Killings during Iran's cultural revolution

The 1981–1982 Iran massacres were a state-sponsored campaign of violence aimed at exterminating political and religious adversaries of the Islamic Republic of Iran. It followed a period of unrest and protests that culminated in the June 28, 1981 bombing at the Islamic Republican Party headquarters, in which 74 leading officials of the Islamic Republic of Iran were killed. The subsequent period of retaliations became known as the "reign of terror". The victims included intellectuals, scientists, artists, socialists, social democrats, members and sympathizers of Mujahedin-e-Khalq, nationalists, liberals, monarchists, ethnic minorities, and followers of minority religions such as the Bahá'í Faith.

It was largely fueled by the Iranian Cultural Revolution decreed by Ruhollah Khomeini on 14 June 1980, with the intent of "purifying" Iranian society of non-Islamic elements. In July 2024, the UN Special Rapporteur on Human Rights in Iran published a landmark report on the 1981 massacre and categorised the atrocity crimes committed in 1981 and 1982 as genocide and crimes against humanity.
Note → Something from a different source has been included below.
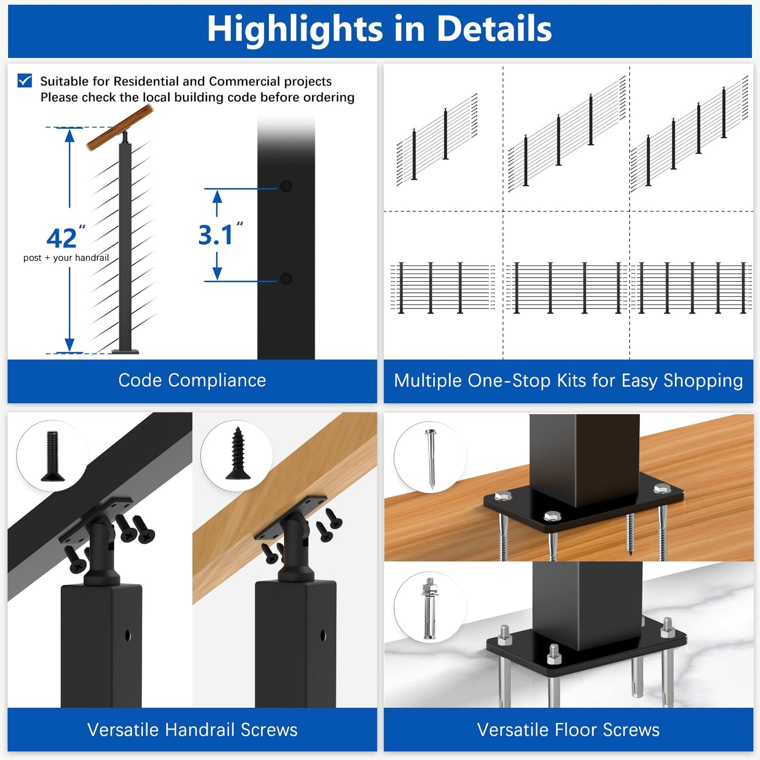 - Safety Compliance: Our 42-inch wire railing post kit meets building codes for both commercial and residential use, featuring 3” cable spacing and a total height of 42” (when paired with your handrails). It supports a maximum cable run of 20 ft and post spacing of 4 ft, ensuring safety and proper cable tension. Please verify your local building codes before purchase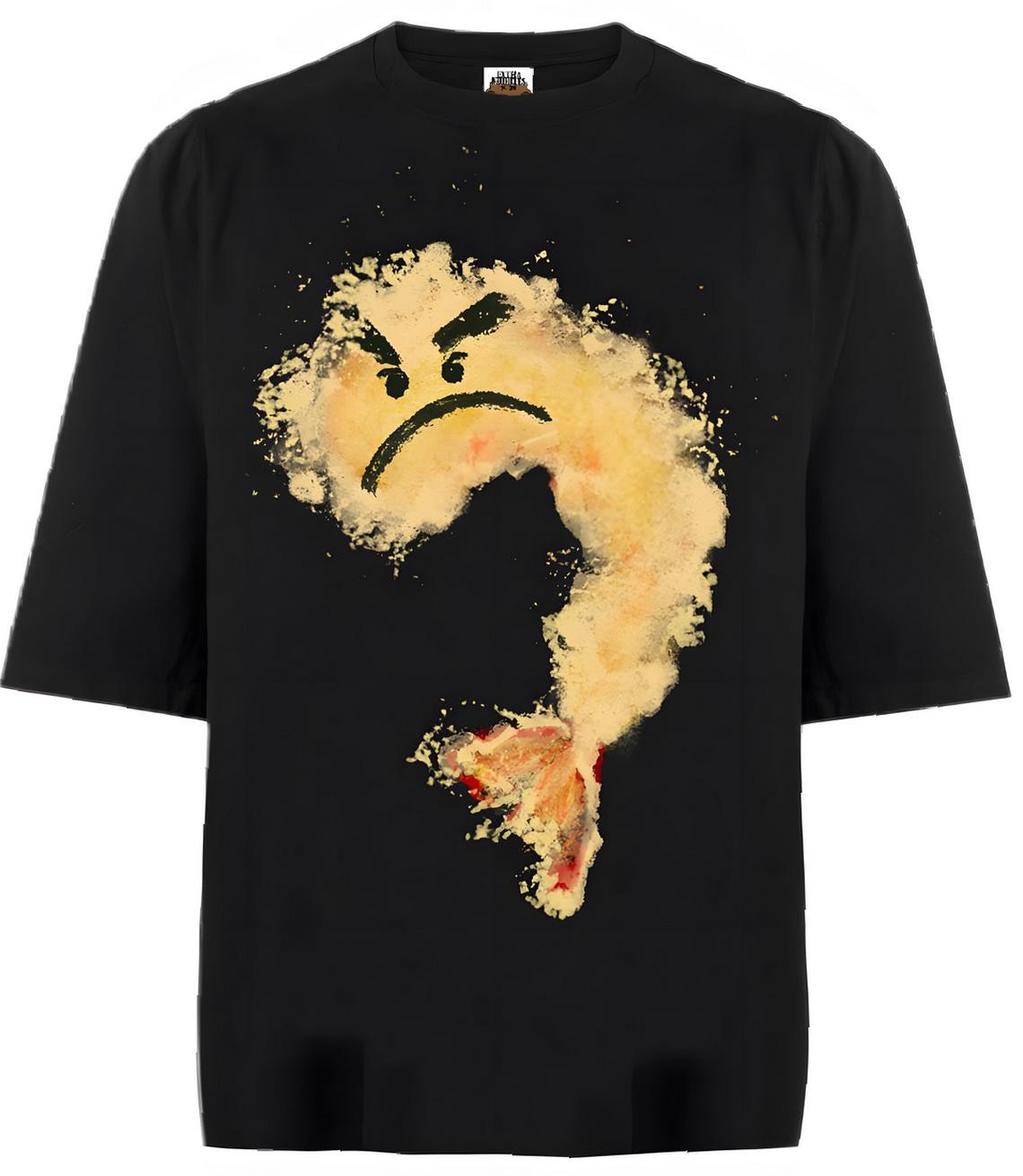 本地潮牌“面屋店”(Extra Noodles)设计师一定很爱面食,无面不欢,每次点餐必要加面,爱面爱到将品牌取名“面屋店”。“面屋店”也将各种面食搬上长短袖T恤,画风粗犷、童稚、率性,有狂吃日本叉烧拉面、天妇罗拉面的小熊,戴高帽的小熊厨师,各款快熟杯面等。最抵死的是一大块天妇罗炸虾点缀的黑T恤,搞笑之余又叫人食指大动。 “面屋店”天妇罗大虾图T恤。

In this report, the Rapporteur called for the establishment of an independent and international accountability mechanism.

== Historical background ==

The 1981 massacre in Iran occurred two years after the 1979 revolution, under the pretext of Islamizing the political and legal systems in the newly established Islamic Republic. The government, led by Ayatollah Khomeini, sought to implement a theocratic framework based on his interpretations of Shia Islam and the doctrine of velayat-e faqih. Aiming to transform Iranian society into a Shi'ite theocracy, Khomeini issued several fatwas and executive orders to "purify" public institutions and higher education from Marxist, non-Islamic, Western, and liberal influences. The massacre was carried out under the cover of the Iranian Cultural Revolution. Initiated by an order from Ayatollah Khomeini on June 14, 1980, the revolution sought to remove Western, liberal, and leftist elements from the education system, leading to the closure of universities, the banning of student unions, and violent occupations of campuses. During this period, Shia clerics imposed policies to Islamize Iranian society, mandating hijabs for women, expelling critical academics, suppressing secular political groups, and persecuting intellectuals and artists.

These measures sparked large-scale protests across the country. On June 15, 1981, the National Front and other secular opposition groups publicly criticized a proposal to Islamify the criminal justice system, prompting Ayatollah Khomeini to issue a fatwā, which led to the mass arrest of hundreds of protesters and critics. On June 20th, a large anti-government protest organized by the People's Mojahedin Organization of Iran responded to the controversial impeachment of President Abolhassan Banisadr. Authorities announced that demonstrators, of any age, would be labeled 'enemies of God'. The Islamic Revolutionary Guard Corps shot into crowds of protestors, resulting in around fifty deaths and over 200 injuries.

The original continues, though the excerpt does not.